The specific principle is: the broader market are stocks fell, giving the corresponding put warrants opportunities. Stock market movements are often associated with warrants market, there is a high degree of relevance. When the stock market on an upward trend, if the class warrants to subscribe for stocks with a strong trend, then the warrants would constitute a line of its right to raise the value, so warrants market, the warrants will be the performance of active and upbeat. On the contrary, when the stock market going through an adjustment or down trend, if the class with a put warrant stocks are also going through an adjustment or down, or even to fall on, then put warrants will directly stimulate the explosive rebound, and is likely to continue strong. Such leverage is not only in the stock market and the warrants market are frequent, but also institutional funds in the two markets, the inevitable trend in the pursuit of profit.
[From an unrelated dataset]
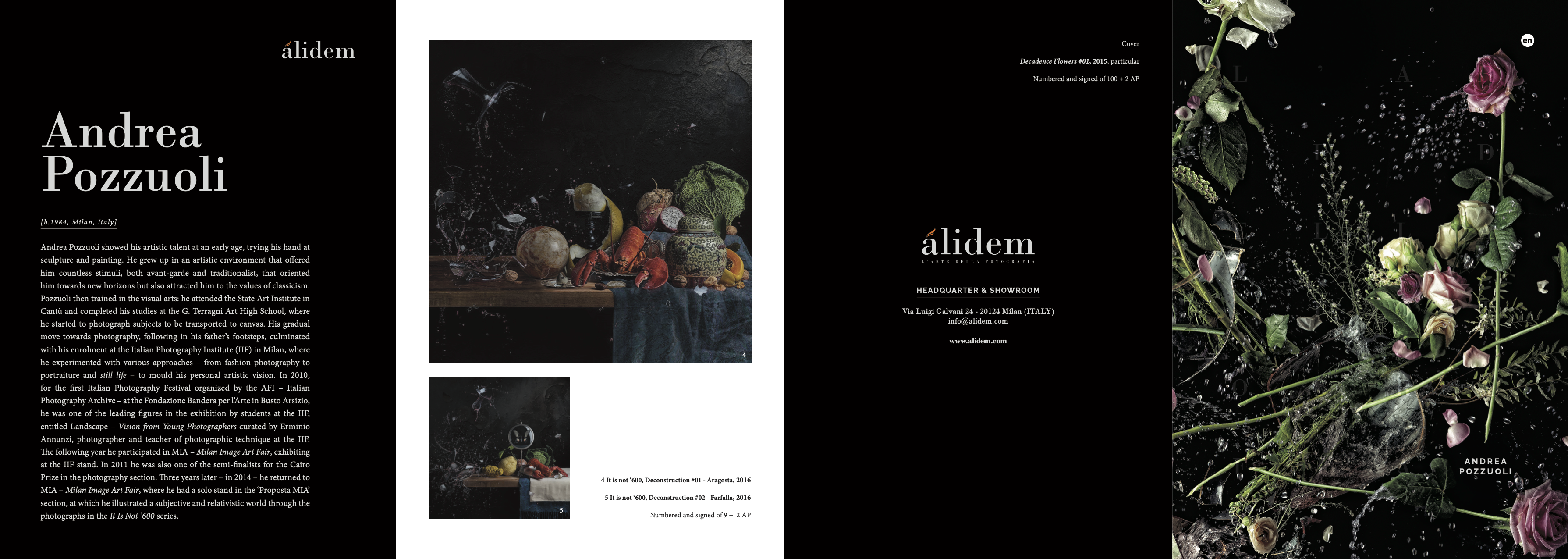 EN Andrea Pozzuoli showed his artistic talent at an early age, trying his hand at sculpture and painting. He grew up in an artistic environment that offered him countless stimuli, both avant-garde and traditionalist, that oriented him towards new horizons but also attracted him to the values of classicism. Pozzuoli then trained in the visual arts: he attended the State Art Institute in Cantù and completed his studies at the G. Terragni Art High School, where he started to photograph subjects to be transported to canvas. His gradual move towards photography, following in his father’s footsteps, culminated with his enrolment at the Italian Photography Institute (IIF) in Milan, where he experimented with various approaches – from fashion photography to portraiture and still life – to mould his personal artistic vision. In 2010, for the first Italian Photography Festival organized by the AFI – Italian Photography Archive – at the Fondazione Bandera per l’Arte in Busto Arsizio, he was one of the leading figures in the exhibition by students at the IIF, entitled Landscape – Vision from Young Photographers curated by Erminio Annunzi, photographer and teacher of photographic technique at the IIF. The following year he participated in MIA – Milan Image Art Fair, exhibiting at the IIF stand. In 2011 he was also one of the semi-finalists for the Cairo Prize in the photography section. Three years later – in 2014 – he returned to MIA – Milan Image Art Fair, where he had a solo stand in the ‘Proposta MIA’ section, at which he illustrated a subjective and relativistic world through the photographs in the It Is Not ’600 series. IT Andrea Pozzuoli sin dalla giovane età esprime il proprio talento artistico cimentandosi nella scultura e nella pittura. Cresce in un ambiente artistico da cui riceve stimoli sia avanguardistici sia tradizionalisti, che lo orientano verso orizzonti nuovi e al contempo lo attraggono verso i valori della classicità. Intraprende un percorso formativo che si inscrive nel segno delle arti visive: frequenta l’Istituto Statale d’Arte a Cantù e conclude gli studi presso il Liceo Artistico G. Terragni, dove inizia a fotografare soggetti da trasporre su tela. Il graduale avvicinamento alla fotografia, seguendo le orme paterne, culmina con l’iscrizione all’Istituto Italiano di Fotografia (IIF) di Milano, dove sperimenta diversi approcci – dalla fotografia di moda alla ritrattistica fino allo still life – per dare forma alla sua personale visione artistica. Nel 2010, in occasione del primo Festival Fotografico Italiano, organizzato dall’AFI – Archivio Fotografico Italiano – presso la Fondazione Bandera per l’Arte di Busto Arsizio, è tra i protagonisti della mostra degli studenti dell’IIF Landscape – Vision from young photographers curata da Erminio Annunzi, fotografo e docente di tecnica fotografica all’Istituto Italiano di Fotografia. L’anno successivo partecipa al MIA – Milan Image Art Fair esponendo con lo stand dell’Istituto Italiano di Fotografia. Sempre nel 2011 è tra i semifinalisti al Premio Cairo nella sezione fotografia. Tre anni più tardi, nel 2014, si ripresenta al MIA – Milan Image Art Fair, dove è protagonista con uno stand personale nella sezione ‘Proposta MIA’, in cui racconta un mondo soggettivo, relativistico, attraverso le fotografie della serie It is not ’600.
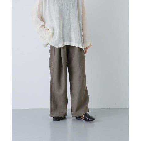 上品な素材がカジュアルながらもきちんとした印象のアイテム。ウエストのタックが立体感を生み、ヒップやもも周りに余裕がありながらもスッキリとしたシルエットです。リネン特有の落ち感がリラクシーなムードをプラス。シンプルにブラウスやカットソーはもちろん、ニットやスウェットとも好相性◎チュニック等丈の長いアイテムとのレイヤードスタイルにもおすすめです。

Indeed, by last week's dramatic adjustments, call warrants and put warrants further increase the value of differentiation. Authoritative research report statistics that the premium rate from the point of view, warrants the level of the premium rate slightly increased from 3.31 percent last week, rose to 4.26%, put warrants, the average premium rate has increased sharply from 73.06% down to 77.82%, of which premium rate has dropped for most Qiaocheng HQC1, cloud-based CWB1 and Wu Liang YGC1, rise up for the potash JTP1, Wuhan Iron and Steel CWB1 and Sinochem CWB1. Premium is currently the highest rate of three warrants were Wuliang YGP1, CIMC ZYP1 and China Merchants Bank CMP1, the lowest premium for the Wu Liang YGC1, Qiao Cheng HQC1 and Steel and Vanadium GFC1.
We believe that as long as the broader market produce retaliatory rebound, may properly take an active interest warrants the corresponding high-quality blue chips. In addition, as put warrants led to the average premium rates rose further to 77.81 percent, prices outside the depth of further increase, reaching -333.6% surge in investment risk. For the entry "end round" of the potash, as well as the remaining shorter-term JTP1 Merchants Bank CMP1, suggest that in general investors to avoid its risks.